Donald Trump, in his telling, could have shot somebody on Fifth Avenue and won. Boris Johnson could mislead the queen. He could break his promise to get Britain out of Europe by Oct. 31. He could lie about Turks invading Britain and the cost of European Union membership. He could make up stories about building 40 new hospitals. He could double down on the phantom $460 million a week that Brexit would deliver to the National Health Service — and still win a landslide Tory electoral victory not seen since Margaret Thatcher’s triumph in 1987.
The British, or at least the English, did not care. Truth is so 20th century. They wanted Brexit done; and, formally speaking, Johnson will now take Britain out of Europe by Jan. 31, 2020, even if all the tough decisions on relations with the union will remain. Johnson was lucky. In the pathetic, emetic Jeremy Corbyn, the soon-to-depart Labour Party leader, he faced perhaps the worst opposition candidate ever. In the Tory press, he had a ferocious friend prepared to overlook every failing. In Brexit-weary British subjects, whiplashed since the 2016 referendum, he had the perfect receptacle for his “get Brexit done.”

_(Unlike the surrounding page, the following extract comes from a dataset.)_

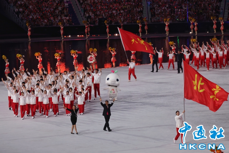 11月9日,中華人民共和國第十五屆運動會開幕式在廣東奧林匹克體育中心舉行。以“圓夢未來”為主題的開幕式包括“同根同源、同心同緣、同夢同圓”三個篇章,展現粵港澳大灣區的壯闊圖景。圖為北京體育代表團入場。(香港中通社記者 謝光磊 攝) 香港中通社圖片

Johnson was also skillful, blunting Nigel Farage’s far-right Brexit Party, which stood down in many seats, took a lot of Labour votes in the seats where it did run, and ended up with nothing. The British working class, concentrated in the Midlands and the North, abandoned Labour and Corbyn’s socialism for the Tories and Johnson’s nationalism.
In the depressed provinces of institutionalized precariousness, workers embraced an old Etonian mouthing about unleashed British potential. Not a million miles from blue-collar heartland Democrats migrating to Trump the millionaire and America First demagogy.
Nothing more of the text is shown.